If the rotation hypothesis is right, segment 0 should clearly score best against Tran, segment 1 against Vert, etc. The winning anchor-bytes-location will reveal which segment-header bytes encode the per-segment channel anchors.

If the rotation hypothesis is not right, the scorer will at least narrow down what segment 1 actually carries.

Test fixtures

Committed under tests/fixtures/:

  • decode-re-5-8-26/event-a..event-d/: original quiet bundle (4 events, PPV < 1 in/s).
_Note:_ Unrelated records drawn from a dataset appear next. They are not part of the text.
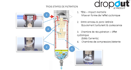 La technologie DROPOUT est une solution unique en 3 étapes successives qui certifie l’élimination des liquides (eau, huile, …) et des particules solides dans l’air (gaz) comprimé.
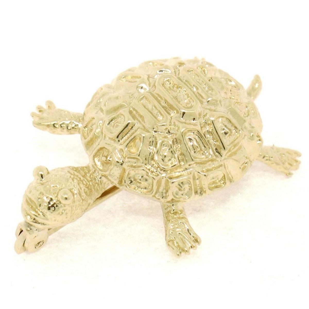 A petite, highly detailed and textured, solid 14k yellow gold turtle brooch. Measures 27.2x20.6mm and weighs a total of 4.33 grams.
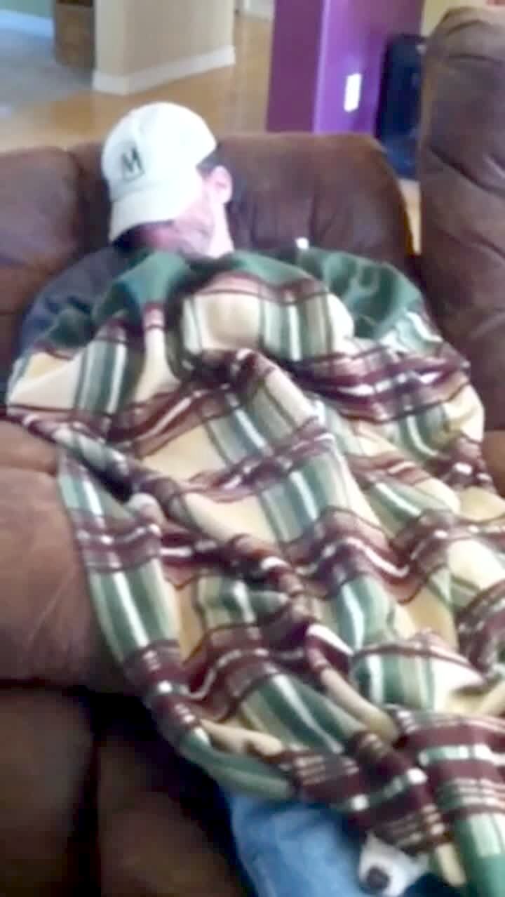 A man sleeps in a chair with a blanket over him and a chihuahua dog on his lap indoors. The dog wags its tail under the blanket and it looks like the man's penis. The dog pokes its head out.
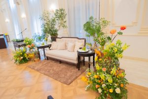 エヴァウイン小山プレミアムスィーツではメインテーブルを置かずに、ソファ席にしお花をコーディネートする【高砂ソファ】がとっても人気です!
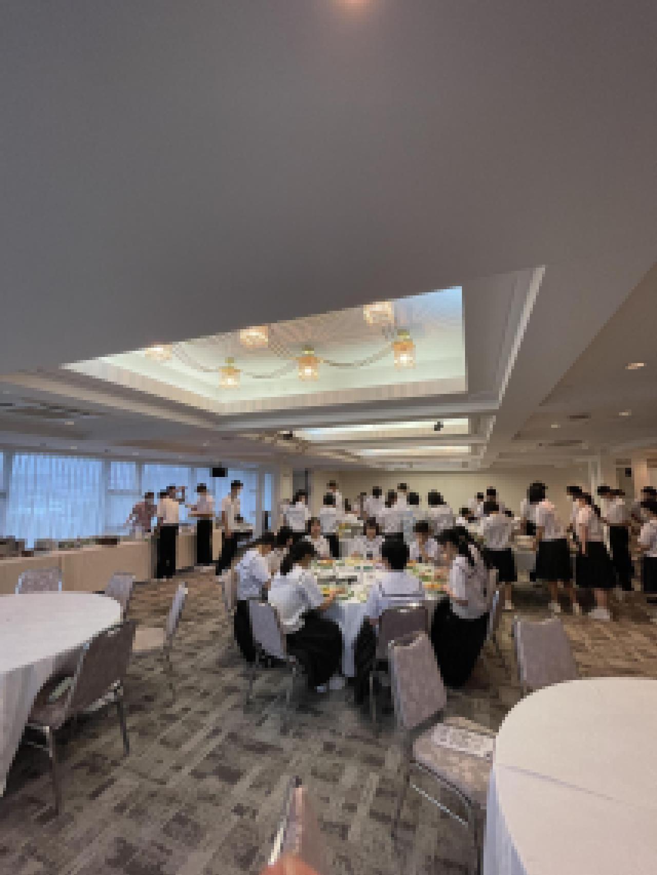 朝食が始まりました。みんな血色も良く、「おなかペコペコ!」といいつつポテトフライなどをパクリ。どうして沖縄ならではの料理に手をつけるのではなく、ファストフード系を選ぶのか〜と、気になる生徒もいます。でも、もりもり食べる食欲に、今日一日を楽しむぞという心が読み取れます。いい1日でありますように。

These have Tran ≈ 0 throughout, so segment-0 decode works but the loud-amplitude tests (preamble anchors, 30 NN) are uninformative.
  • 5-11-26/M529LL1A.{SP0,SS0,SV0}: loud bundle (PPV 6-7 in/s on all channels). These cracked the Tran codec.
  • 5-11-26/M529LL1L.{JQ0,V70}: targeted captures. JQ0 is Vert-heavy, V70 is Mic-heavy (140 dB). These cracked the 00 NN RLE rule.

Each fixture has a .TXT Blastware ASCII export as ground truth.

Tests

tests/test_waveform_codec.py (40 tests, all passing) locks in:

  • Block framing (5 tag types with correct lengths).
  • Walker contiguity (no gaps or overlaps).
  • Segment header parsing (counter monotonicity, fixed-pattern check).
  • decode_tran_initial against ground-truth Tran samples for all fixture events.

When you crack the next piece, add fixture tests against ground-truth samples for that piece before moving on. Don't let unverified code ship without a regression lock-in.